# Genie Won't Connect to Wifi Network (and weird issue)



## milton (Mar 12, 2011)

I am unable to connect wirelessly to my wifi network (Medialink router). I can try it repeatedly through the Network Setup and it never works.

But what's even more weird is that whenever I try to connect the Genie, my router later stops working and needs a reset. This has happened repeatedly.

Details

Genie HR44
1 wired Genie mini (C31)
SWIM 16
5 other HD DVR receivers (ranging in the H2Xs)
Out of Home GenieGo connected to router
Medialink router
Cable modem

No CCKs connected


----------



## peds48 (Jan 11, 2008)

Do you have a GenieGo2?

Is your GenieGo connected via coax and ethernet?

When you say it never works, what is it exactly happening? is the password failing? Is it connecting to the LAN?


----------



## milton (Mar 12, 2011)

This is a GenieGo 1. I disconnected it completely and it still has this issue.

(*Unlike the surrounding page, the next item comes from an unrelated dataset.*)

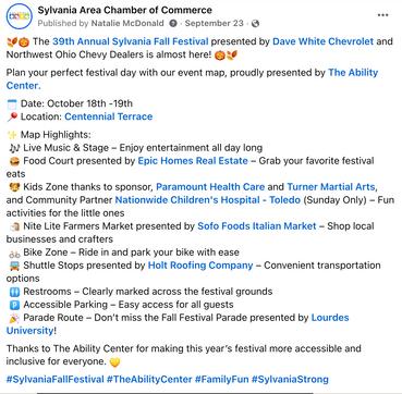 The Sylvania Fall Festival’s buzz spread through a multi-channel media push beyond the Chamber’s own platforms Local news outlets like WTOL and 13 ABC featured event highlights, while radio spots, social media posts, and online listings kept the excitement growing

When I go through manual setup, it finds my network but I won't accept the passprahse.


----------



## Beerstalker (Feb 9, 2009)

Wasn't there an issue at one point in time with upper or lowercase letters in the wifi password not being recognized correctly? People had to change their WiFi passwords to something simple, hook up the HR44, and then change it back?


----------



## peds48 (Jan 11, 2008)

Beerstalker said:


> Wasn't there an issue at one point in time with upper or lowercase letters in the wifi password not being recognized correctly? People had to change their WiFi passwords to something simple, hook up the HR44, and then change it back?


not that I recall..

Sent from my iPhone 6 using Tapatalk


----------



## NR4P (Jan 16, 2007)

Has your router firmware been upgraded? Be sure you are using current f/w.

For a quick test, turn off password in router.
See if Genie connects.
If not, perhaps Genie issue

If so, turn on a simple pw
Try Genie with simple pw
See if that works.

If your router allows multiple passwords, add a second one for Genie.

Should help you narrow down where the issue is.


----------



## b52pooh (Mar 10, 2011)

When you enter the password, make sure you use the down arrow to go to the continue selection. If you use the right arrow, you are entering an extra character that may not be recognized by your router.


----------